In general regular expressions can't deal with balancing parentheses correctly, because to do so requires counting the depth of the nesting, which could be arbitrarily deep, and regular expressions can only store a finite amount of state (generally speaking).
That said, I'm going to assume that the changes you're making don't have parentheses nested more deeply than, say, three or four deep - in which case it becomes possible. Here's how to build it up:
It's easy to match a sequence with no parentheses at all:
EXPR0: [^()]*
We can use that to create a regular expression that matches a single non-nested expression in parentheses:
PAREN1: \(EXPR0\)
What abut an expression containing up to one level of parentheses?

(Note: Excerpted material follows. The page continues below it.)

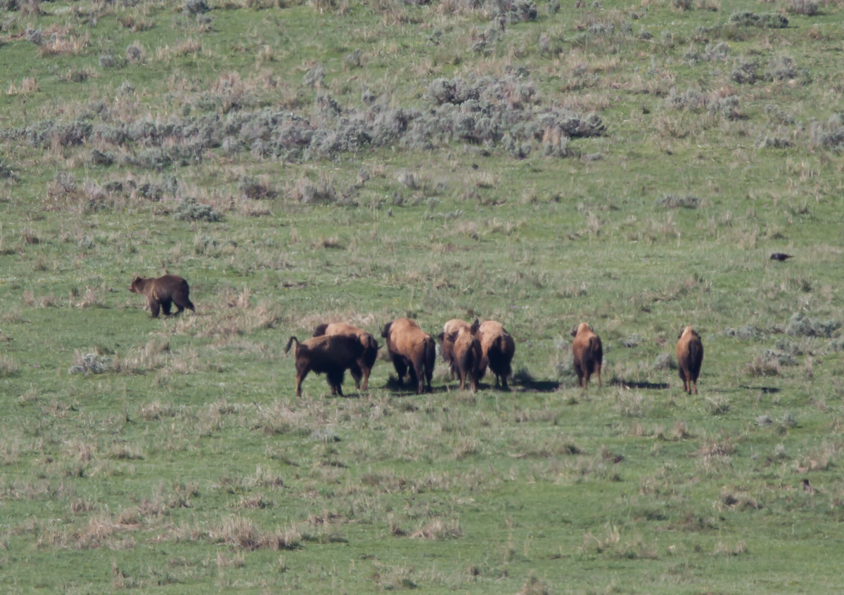On the group’s last morning, we witnessed some amazing interactions at that same carcass. When we first arrived there were two wolves just leaving the carcass, and they were being herded by a group of several Bison that seemed none too pleased that these predators were dining on one of their own. The Bison eventually pushed the wolves away and convinced them today was not a good day to continue feeding. Meanwhile, a Grizzly came down out of the woods and eventually claimed the carcass, in spite of being initially held off by the same agitated Bison. Quite a Lamar farewell for my group – a Grizzly Bear, two Gray Wolves, and a protective herd of Bison interacting in the same field of view of our binoculars.

Well, that's just a mixture of PAREN1s with non-parenthesis characters:
EXPR1: (?:PAREN1|EXPR0)*
given that, we can of course match a balanced expression in parentheses with up to one level of nesting:
PAREN2: \(EXPR1\)
which we can extend to match any balanced expression with no more than two levels of () in the same way
EXPR2: (?:PAREN2|EXPR0)*
and so on:
PAREN3: \(EXPR2\)
EXPR3: (?:PAREN3|EXPR0)
PAREN4: \(EXPR3\)
...
You can then use this to construct the match for the replacement you want to do - something along the lines of:
IIF\(?<one>EXPR5),(?<two>EXPR5),(?<three>EXPR5)\)
(actually you'll need to tweak things so that the EXPR5 expressions don't match unparenthesised commas, but it should be clear enough how to do that I hope :)
Of course, it's worth writing a short throwaway program to generate the required r.e. rather than constructing it manually!